In fact, the possibilities extend beyond tokenized assets to a more vibrant on-chain economy. Agents can allocate resources, execute transactions, process services, and automatically settle microtransactions during interactions on behalf of users.
Ant Digital joins a growing field of companies building infrastructure for AI-driven commerce. Visa and Coinbase have released competing protocols for agent-based payments, with Visa’s Trusted Agent Protocol targeting card rail checkouts and Coinbase’s x402 targeting stablecoin micropayments.
In September, Google announced Agent Payments Protocol (AP2) with support from more than 60 organizations. Mastercard acquired stablecoin company BVNK for $1.8 billion in the largest stablecoin infrastructure deal in history, signaling that traditional payment networks also see blockchain payments as part of their future.
The Solana Foundation reports that the network has already processed more than 15 million on-chain agent transactions, and Coinbase CEO Brian Armstrong said he expects agents to surpass humans in transaction volume.
McKinsey predicts that AI agents could broker $3 trillion to $5 trillion of global consumer commerce by 2030.
However, usage remains lackluster.
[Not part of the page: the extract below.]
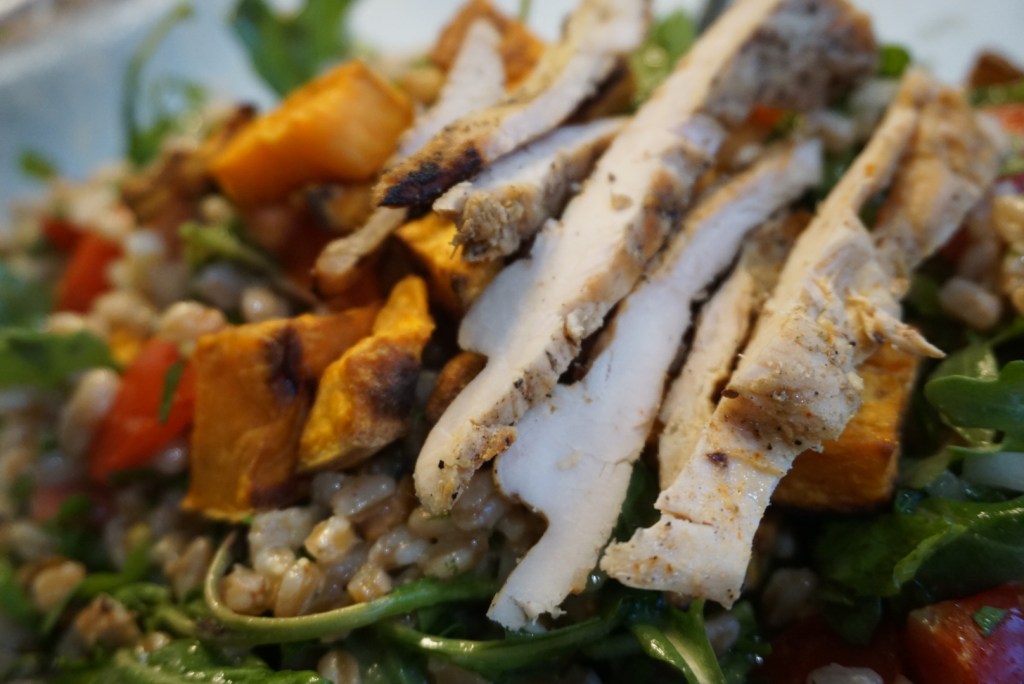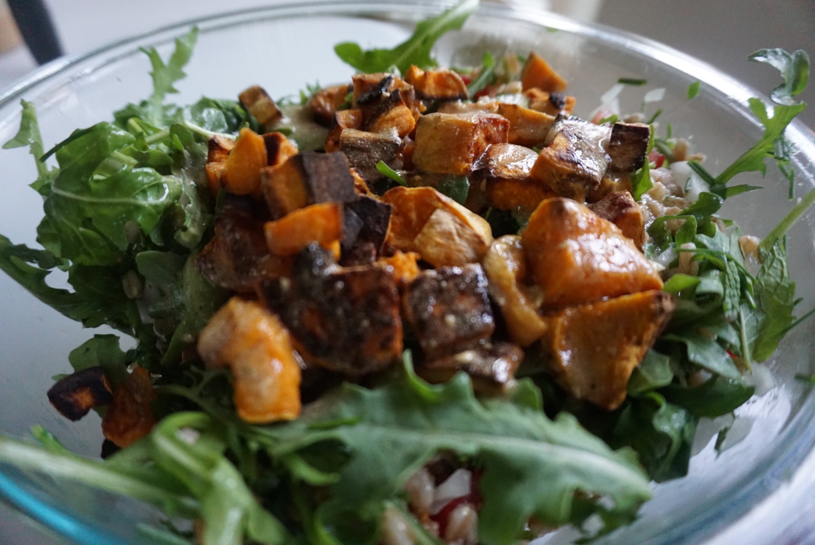 When it’s about 97 degrees outside nobody really feels like standing over a hot stove to prepare the next meal. This tasty grain salad with roasted cubed sweet potatoes, chopped fresh herbs, peppery arugula, diced fresh tomatoes, and sweet onion all drizzled with a refreshing sharp red wine vinaigrette will be perfect for dinner and even better as leftovers for lunch the next day.

The daily trading volume of the x402 protocol is currently around $28,000, much of it due to testing, with Artemis analysts flagging about half of the observed transactions as human activity.
Ant Digital’s blockchain already supports tokenized assets for a variety of financial institutions, and currently $USDC Integration with Circle and application for stablecoin licenses in Hong Kong, Singapore, and Luxembourg.